Domenica, 26 Settembre 2021
Coronavirus

Abrignani (Unimi): "Test salivari non si sostituiscono a vaccino"

"Danno un risultato in pochi minuti ma mitigano il rischio e non l'azzerano", ha precisato l'immunologo

Hanno una sensibilità limitata e sono utili perché danno un risultato in pochi minuti ma mitigano il rischio e non l'azzerano, per questo non possono sostituirsi alle vaccinazioni. A dirlo l'immunologo dell'Università Statale di Milano e membro del Cts, Sergio Abrignani.
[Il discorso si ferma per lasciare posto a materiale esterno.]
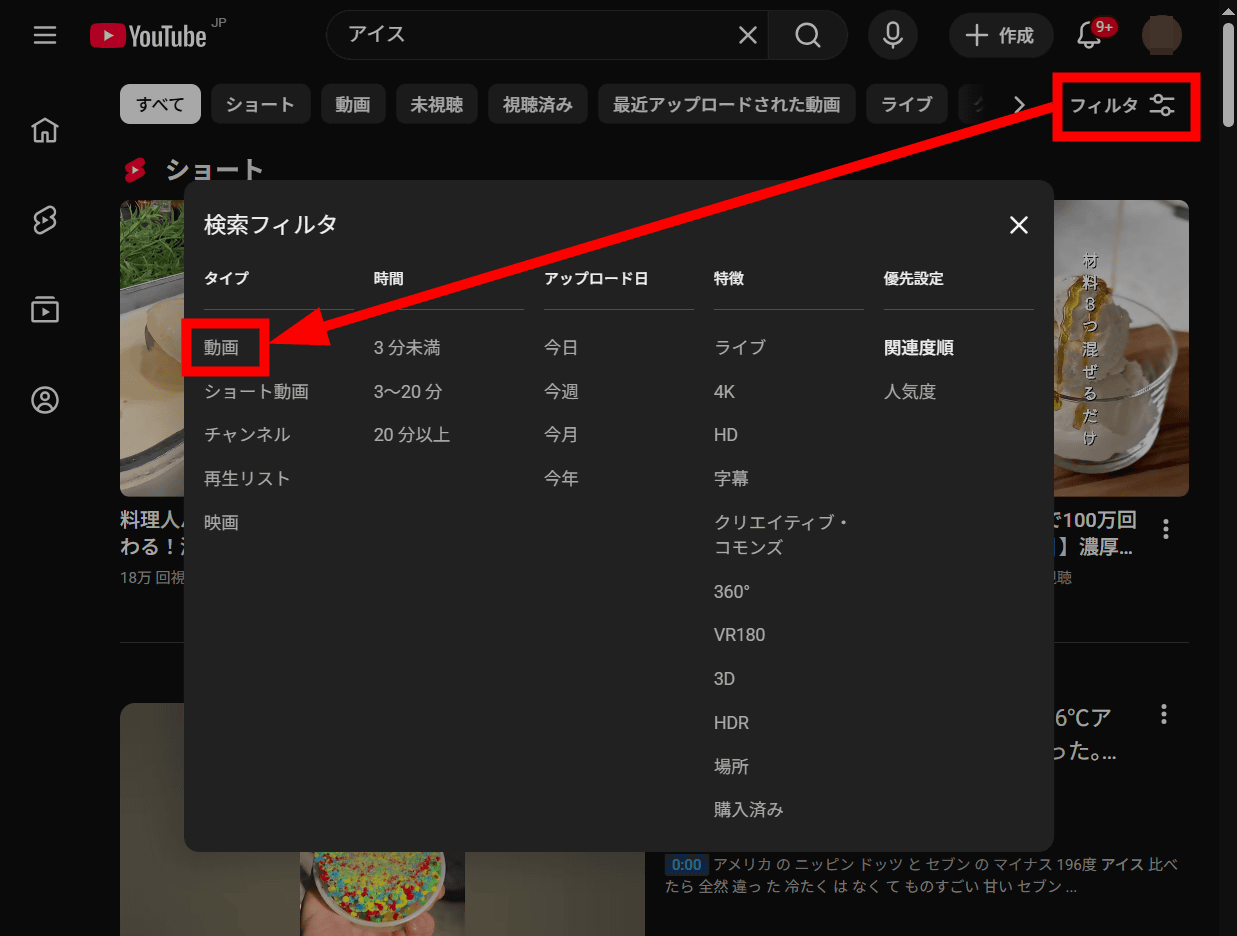 検索フィルタを利用するには、検索ボックスの右下にある「フィルタ」をクリックして、「動画」を選択。

"Non si deve far passare l'idea che il tampone salivare sia meglio del vaccino, non sostituiscono l'immunizzazione", ha tenuto a sottolineare l'esperto, ospite della trasmissione 'Agorà Estate' in onda su RaiTre, commentando la possibilità di utilizzare i tamponi salivari rapidi come accesso alternativo al Green pass o alle scuole.

"I tamponi salivari antigenici - mette in guardia Abrignani - hanno una sensibilità limitata e sono utili perché danno un risultato in pochi minuti ma mitigano il rischio e non l'azzerano". Questa tipologia di test, pertanto, chiosa l'immunologo, "hanno un senso se usati occasionalmente e non tutti i giorni".